## Task to complete
With the pictures left out, restate exactly the part below that opens with the line containing "VŠE S SEBOU" and closes with the line containing "400年の歴史を誇る幻の伝統".

### The input ###

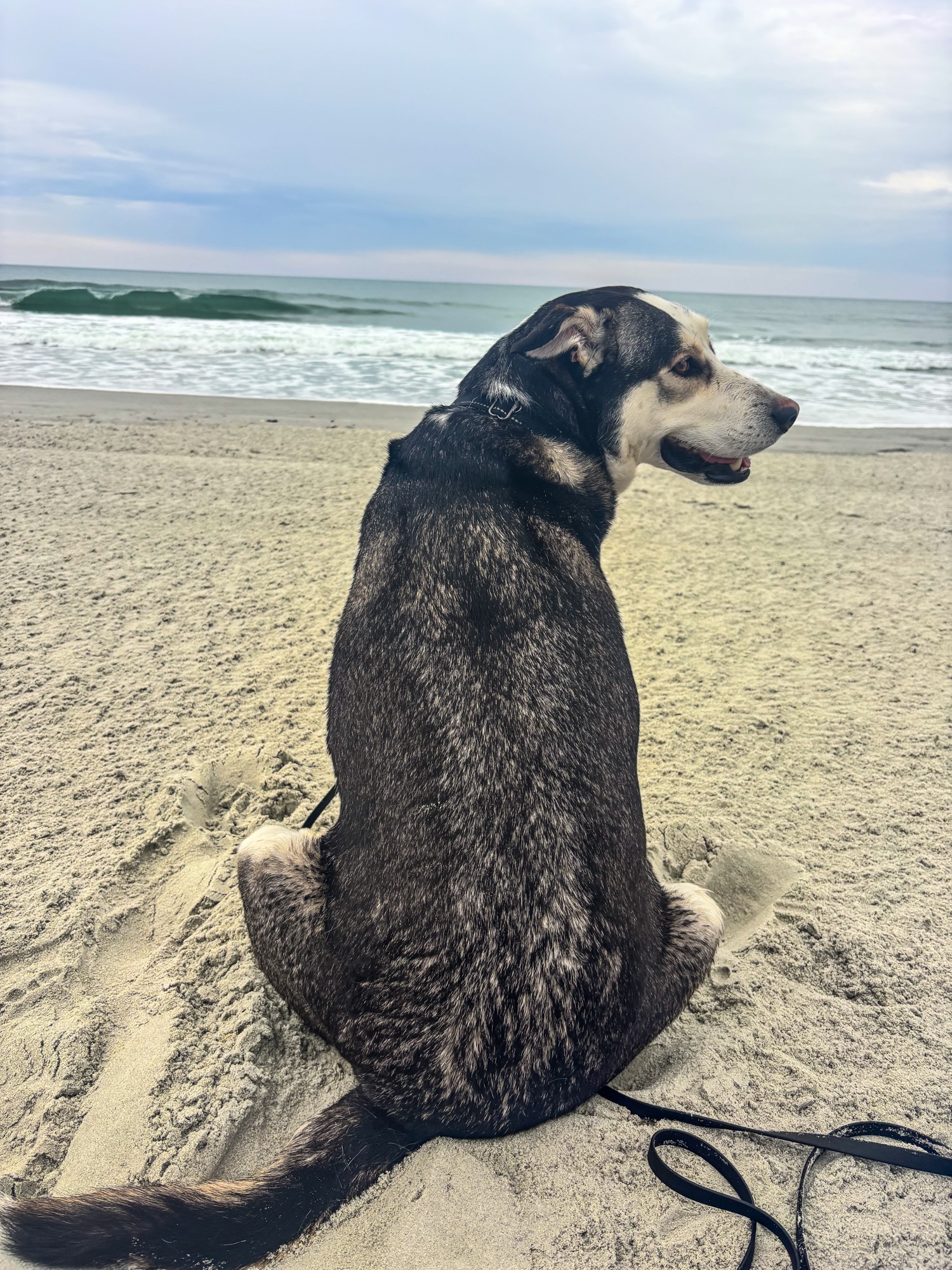 Max ran, dug, and lounged happily on the sand. While there were quite a few dead jellyfish washed up on shore, Max thankfully ignored them.
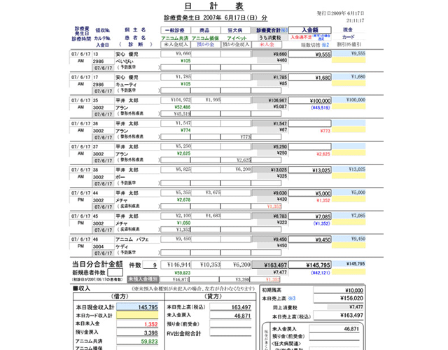 「診療件数」、「売上金額」、「支出金額」などが自動集計されます。預り金や未収金なども含み、売上管理・分析が容易に行えます。
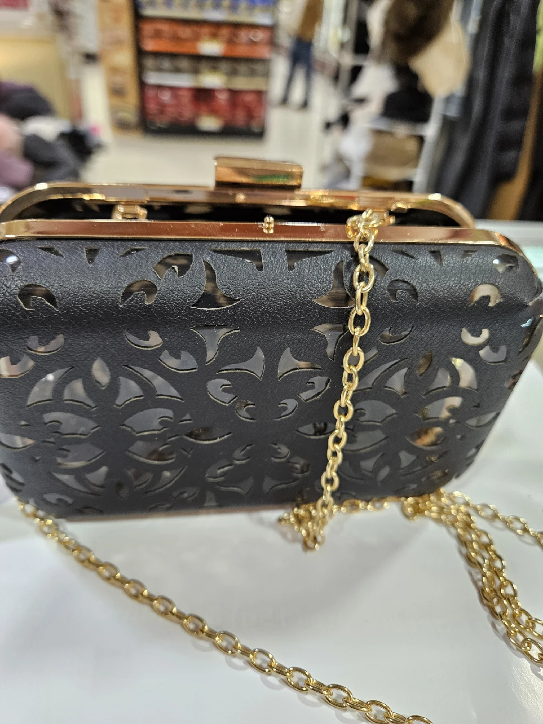 Selling a stylish black clutch with gold accents and a chain strap. It features a unique cut-out design. Perfect for evenings out or special occasions!
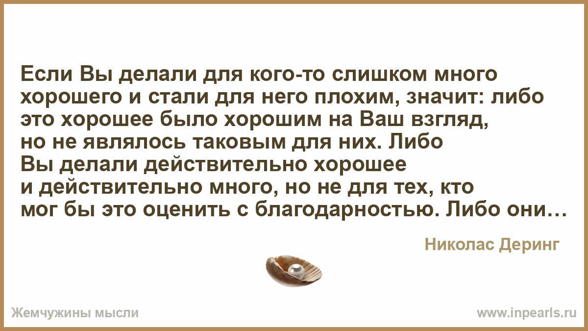 Если Вы делали для кого-то слишком много хорошего и стали для него плохим, значит: либо это хорошее было хорошим на Ваш взгляд, но не являлось таковым для них. Либо Вы делали действительно хорошее и действительно много, но не для тех, кто мог бы это оценить с благодарностью. Либо они просто не готовы быть благодарными и такими же добрыми как Вы и поэтому, чтобы сохранить психологический комфорт, они уничтожают для себя Вас, как объект проявляющий своей добротой их душевную слабость, когда даже на долю этой Вашей доброты они не способны. Либо же «они» просто не хотят быть Вам обязанными и не хотят отвечать Вам даже подобием того хорошего, что Вы действительно для них сделали, т. е. не хотят Вам «платить». Либо Ваше «хорошее» было слишком навязчивым и избыточным или же просто неуместным. А возможно, Вы просто развратили человека или даже людей добром и они хотят уже большего от Вас, но Вы уже не способны или не хотите им это дать.
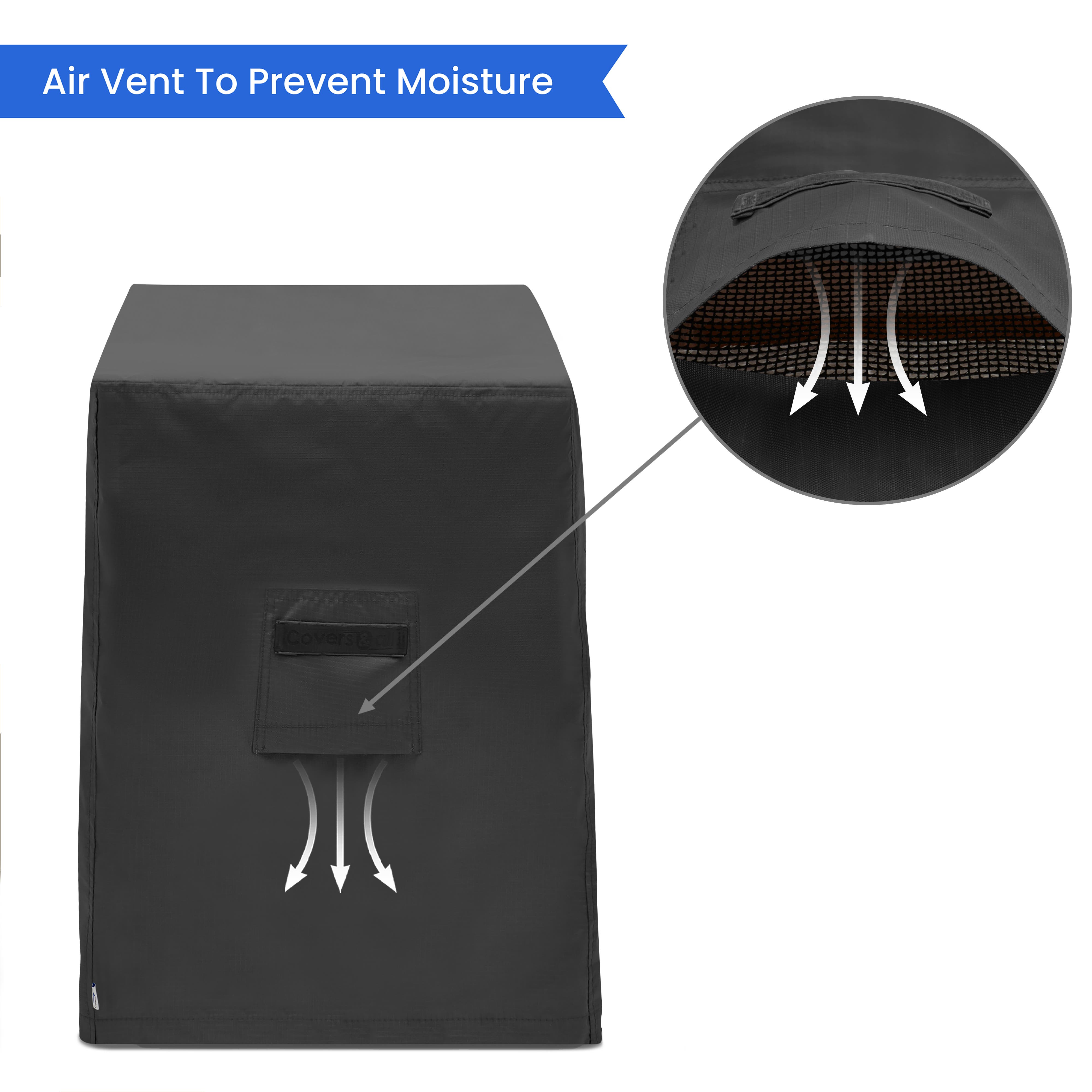 - Cover Rite - Crafted for all-weather durability, this eco-friendly, fade-proof, and abrasion-resistant 203 GSM 600 denier solution-dyed polyester with a PU coating delivers superior water and mildew resistance. The cloth-like exterior with a vinyl-coated back ensures optimal performance, making it perfect for both home and commercial use. Enhanced features include full-length air panels for improved airflow, branded diagonal top handles, and reinforced seam sealing with dual stitching for robust protection.
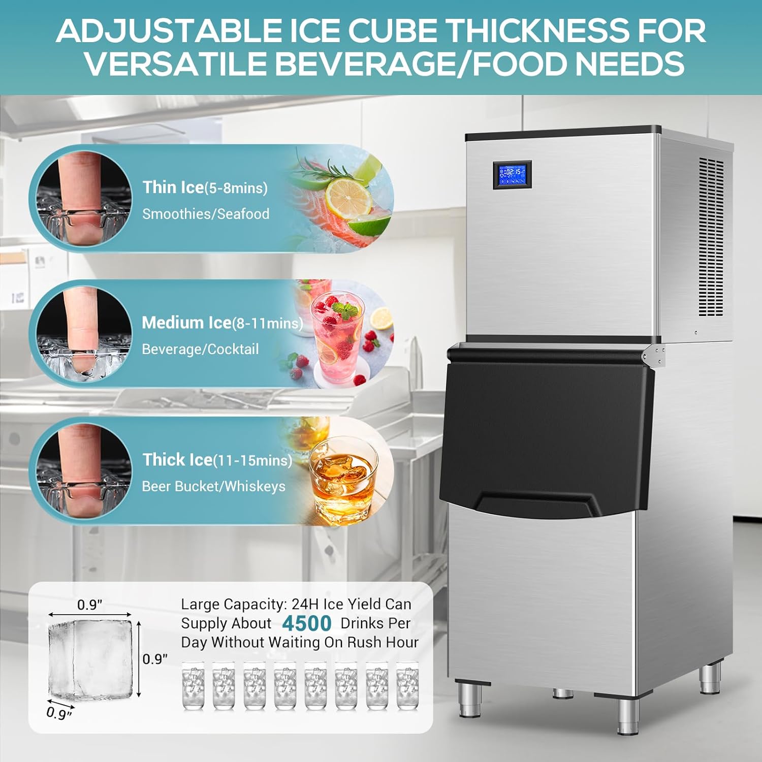 Commercial Ice Maker Machine 430Lbs/24H, Industrial Ice Machine 350 Lbs Storage Bin, 156PCS Clear Ice Cubes in 11 Mins, Freestanding Stainless Steel Ice Maker for Restaurants/Bar/Large Families
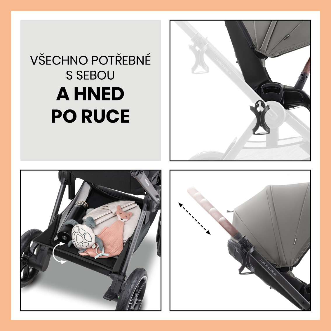 VŠE S SEBOU - A PO RUCE // Díky praktickému držáku na nápoje na výškově nastavitelné teleskopické rukojeti máte svůj nápoj vždy po ruce. Vše, co vy a vaše maličké budete potřebovat, se vejde do extra velkého výklopného koše!
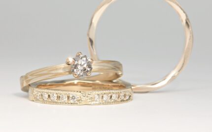 400年の歴史を誇る幻の伝統技法を形に。江戸時代に考案された「幻の技術」木目金(杢目金)の結婚指輪・婚約指輪。色の異なる金属を幾重にも重ね合わせ、丹念に彫って鍛え、美しい木目の文様を作り出していきます。【世界にひとつだけの】リングを。
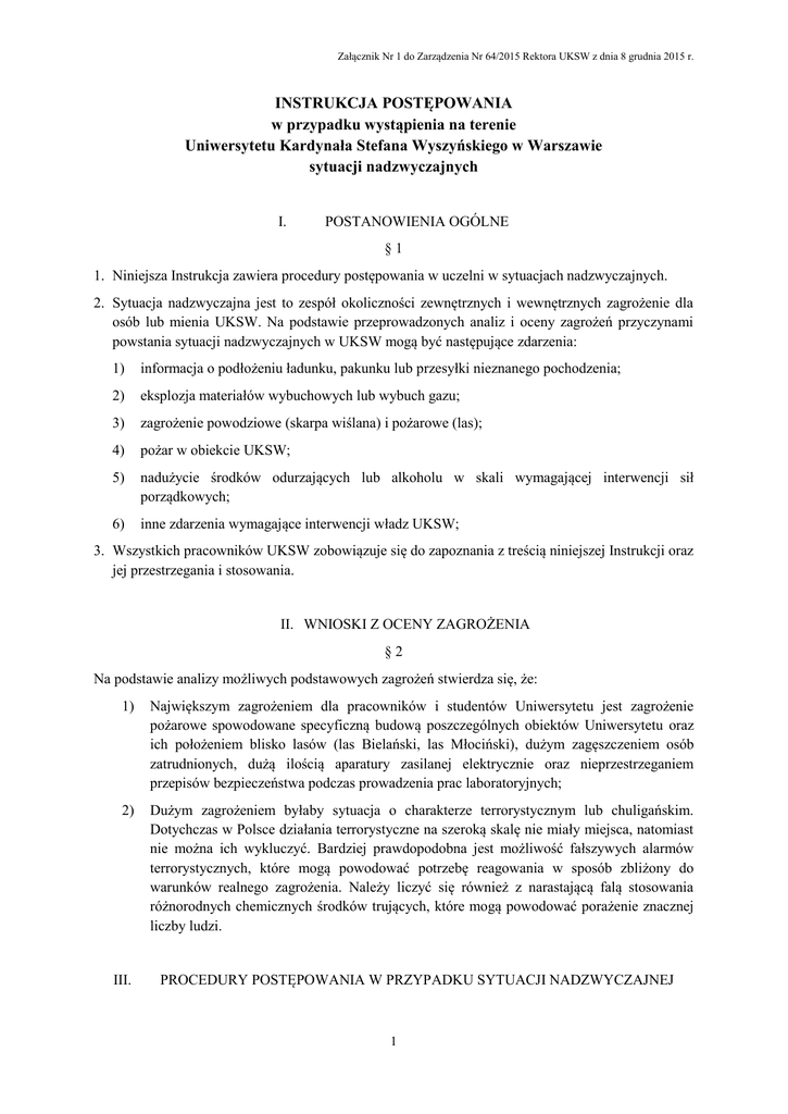 Załącznik Nr 1 do Zarządzenia Nr 64/2015 Rektora UKSW z dnia 8 grudnia 2015 r. INSTRUKCJA POSTĘPOWANIA w przypadku wystąpienia na terenie Uniwersytetu Kardynała Stefana Wyszyńskiego w Warszawie sytuacji nadzwyczajnych I. POSTANOWIENIA OGÓLNE §1 1. Niniejsza Instrukcja zawiera procedury postępowania w uczelni w sytuacjach nadzwyczajnych. 2. Sytuacja nadzwyczajna jest to zespół okoliczności zewnętrznych i wewnętrznych zagrożenie dla osób lub mienia UKSW. Na podstawie przeprowadzonych analiz i oceny zagrożeń przyczynami powstania sytuacji nadzwyczajnych w UKSW mogą być następujące zdarzenia: 1) informacja o podłożeniu ładunku, pakunku lub przesyłki nieznanego pochodzenia; 2) eksplozja materiałów wybuchowych lub wybuch gazu; 3) zagrożenie powodziowe (skarpa wiślana) i pożarowe (las); 4) pożar w obiekcie UKSW; 5) nadużycie środków odurzających lub alkoholu w skali wymagającej interwencji sił porządkowych; 6) inne zdarzenia wymagające interwencji władz UKSW; 3. Wszystkich pracowników UKSW zobowiązuje się do zapoznania z treścią niniejszej Instrukcji oraz jej przestrzegania i stosowania. II. WNIOSKI Z OCENY ZAGROŻENIA §2 Na podstawie analizy możliwych podstawowych zagrożeń stwierdza się, że: 1) Największym zagrożeniem dla pracowników i studentów Uniwersytetu jest zagrożenie pożarowe spowodowane specyficzną budową poszczególnych obiektów Uniwersytetu oraz ich położeniem blisko lasów (las Bielański, las Młociński), dużym zagęszczeniem osób zatrudnionych, dużą ilością aparatury zasilanej elektrycznie oraz nieprzestrzeganiem przepisów bezpieczeństwa podczas prowadzenia prac laboratoryjnych; 2) Dużym zagrożeniem byłaby sytuacja o charakterze terrorystycznym lub chuligańskim. Dotychczas w Polsce działania terrorystyczne na szeroką skalę nie miały miejsca, natomiast nie można ich wykluczyć. Bardziej prawdopodobna jest możliwość fałszywych alarmów terrorystycznych, które mogą powodować potrzebę reagowania w sposób zbliżony do warunków realnego zagrożenia. Należy liczyć się również z narastającą falą stosowania różnorodnych chemicznych środków trujących, które mogą powodować porażenie znacznej liczby ludzi. III. PROCEDURY POSTĘPOWANIA W PRZYPADKU SYTUACJI NADZWYCZAJNEJ 1 Załącznik Nr 1 do Zarządzenia Nr 64/2015 Rektora UKSW z dnia 8 grudnia 2015 r. CZYNNOŚCI: RODZAJ ZAGROŻENIA 2.1. Informacja o podłożeniu ładunku, pakunku lub przesyłki nieznanego pochodzenia Pracownika ochrony lub innej osoby stwierdzającej zagrożenie 1. Nagrywa lub zapisuje informację (zdarzenie) w dzienniku dyżurów. 2. Zawiadamia Kierownika DAG. 3. Informuje kierownika komórki organizacyjnej. 4. Wypełnia ankietę Kierownik Działu Administracyjno -Gospodarczego 1. Zawiadamia Kanclerza* o zaistniałym zdarzeniu, zabezpiecza miejsce zdarzenia, realizuje inne zadania zlecone przez Kanclerza. 2. Sporządza stosowną notatkę służbową. Zespół Reagowania Kryzysowego Prorektora/ Kanclerza W zależności od charakteru i rozmiarów zagrożenia: Szef Zespołu: 1. Zawiadamia Biuro Bezpieczeństwa i Zarządzania Kryzysowego m.st. Warszawy. Wzywa policję. 1. 2. Wzywa do wyznaczonego miejsca pracy – członków Zespołu. Wzywa oddział antyterrorystyczny. 2. 3. Koordynuje działania FOC. Zawiadamia PSP. 3. 4. Nadzoruje przebieg ewakuacji ludzi i mienia. Zarządza ewakuację 4. 5. Kieruje ludzi do budynków 2 Sił ratowniczych Formacji lub Obrony Cywilnej współdziałającyc h FOC organizuje działania członków formacji wg. Wytycznych i we współpracy z Zespołem Reagowania Kryzysowego. Realizują zadania w zależności od zaistniałej sytuacji. UWAGI *osoba, która otrzymała pisemne upoważnienie Rektora do wzywania na teren UKSW policji lub innych sił porządkowych; **podstawą do ewakuacji są wewnętrzne, zatwierdzone przez Rektora plany ewakuacji z każdego Załącznik Nr 1 do Zarządzenia Nr 64/2015 Rektora UKSW z dnia 8 grudnia 2015 r. dotyczącą rozmówcy Załącznik nr 4 do Zarządzenia pracowników ** zastępczych. 6. Organizuje ochronę mienia. Sporządza notatkę służbową z zaistniałego zdarzenia 5. 7. Prognozuje rozwój wydarzeń. 8. Przygotowuje pisemną informację dla potrzeb Biura Bezpieczeństwa i Zarządzania Kryzysowego m.st. Warszawy. 3 obiektu. Załącznik Nr 1 do Zarządzenia Nr 64/2015 Rektora UKSW z dnia 8 grudnia 2015 r. CZYNNOŚCI: RODZAJ Pracownika ochrony Kierownik Działu ZAGROŻEN lub innej osoby AdministracyjnoIA stwierdzającej Gospodarczego zagrożenie 2.2 Eksplozja 1. Zawiadamia materiałów Kierownika DAG o wybuchowych zdarzeniu. lub wybuch gazu 2. Informuje kierownika komórki organizacyjnej. Zawiadamia Kanclerza. Przybywa na miejsce Zdarzenia i do czasu przybycia Kanclerza oraz profesjonalnych sił ratowniczych kieruje akcją ratowniczą, a w razie braku osób z kierownictwa zarządza ewakuację. Prorektora/ Kanclerza 1. Zawiadamia Rektora. 2. Zarządza ewakuację. 3. Wzywa pogotowie ratunkowe. Zespołu Reagowania Kryzysowego Formacji obrony cywilnej Szef Zespołu: FOC organizuje działania członków formacji wg. Wytycznych i we współpracy z Zespołem Reagowania Kryzysowego. 1. zawiadamia Biuro Bezpieczeństwa i Zarządzania Kryzysowego m st. Warszawy. 2. Wzywa do 4. Wzywa wyznaczonego pogotowie Gazowe. miejsca pracy członków Zespołu. 5. Zawiadamia 3. Koordynuje działania policję. FOC. 6. Zawiadamia PSP 4. Nadzoruje przebieg ewakuacji ludzi i 7. Do czasu mienia. przybycia profesjonalnych sil 5. Kieruje ludzi do budynków zastępczych. ratowniczych kieruje 6. Organizuje ochronę akcją ratowniczą. 4 Sił ratowniczych lub współdziałających Realizują zadania w zależności od zaistniałej sytuacji. UWAGI Załącznik Nr 1 do Zarządzenia Nr 64/2015 Rektora UKSW z dnia 8 grudnia 2015 r. mienia. 7. Prognozuje rozwój wydarzeń. 8. Przygotowuje pisemną informację dla potrzeb Biura Bezpieczeństwa i Zarządzania Kryzysowego m.st. Warszawy. 5 Załącznik

###

## Written solution
 VŠE S SEBOU - A PO RUCE // Díky praktickému držáku na nápoje na výškově nastavitelné teleskopické rukojeti máte svůj nápoj vždy po ruce. Vše, co vy a vaše maličké budete potřebovat, se vejde do extra velkého výklopného koše!
 400年の歴史を誇る幻の伝統技法を形に。江戸時代に考案された「幻の技術」木目金(杢目金)の結婚指輪・婚約指輪。色の異なる金属を幾重にも重ね合わせ、丹念に彫って鍛え、美しい木目の文様を作り出していきます。【世界にひとつだけの】リングを。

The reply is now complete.